21:04:37.576626000: backhaul -> backend: Request { method: GET, ... }
21:05:08.654473000: backhaul <- backend: Response { status: 200, ... }

Does your app need to talk to some external resource (e.g. a database) to serve such request? If so, it could be that there are connections to the external resource in the pool that are already dead (because the machine was suspended), but it takes a while for the TCP/IP stack/client libraries to realize that once the machine is resumed.

Could you add some logs to make it easier to understand where the app spends the time while serving the request?

Hi Pavel,

I think you are correct. I added some logs, and the middleware runs reasonably fast, but the longest part is waiting for a database (mongodb) fetch.

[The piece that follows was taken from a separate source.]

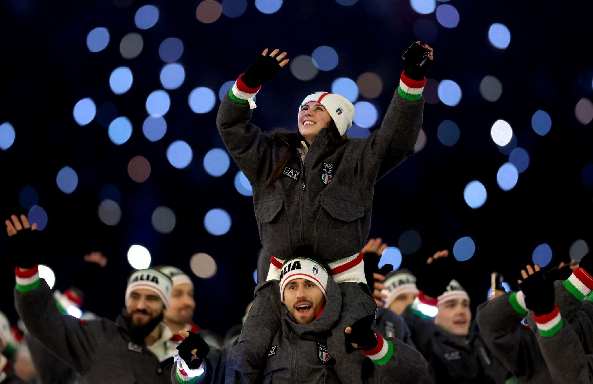 MILANO/CORTINA – Ultimi a sfilare, gli atleti della delegazione italiana hanno ovviamente fatto scatenare il pubblico nella cerimonia di apertura delle Olimpiadi Invernali. A Milano la bandiera tricolore è stata portata da Arianna Fontana e Federico Pellegrino, atleti di punta rispettivamente di short track e sci di fondo. Gli alfieri del gruppo azzurro a Cortina, invece, sono stati la sciatrice Federica Brignone e il giocatore di curling Amos Mosaner.

Is there a way to make this faster?

Where is your MongoDB instance located, and is it a managed service e.g. with MongoDB Atlas? What language are you using for your web app? What library are you using for your Mongo connections? Per the advice from @pavel, is there a way in your connection library to force a new connection?

The MongoDB is hosted externally on Atlas. The web app is Node.js (Express). The Connection library uses the standard mongodb node driver.

I guess I can alter the connection options (e.g. connectTimeoutMS) however, if I lower it too much I will get false positives during normal network issues, and I am not sure what impact this will have.

Is there a recommended way to handle the reconnect after waking up from a suspended state?

I think this problem would benefit from some experimentation.

I would start by putting a Mongo test script on a machine, suspending the machine, waking it up, then running the script. It would be interesting to see if the script returns a result immediately, or it has the same problem. If it works flawlessly, then Node may be caching connections, and thus it may be worth working out how to invalidate them on wake.

This topic was automatically closed 7 days after the last reply. New replies are no longer allowed.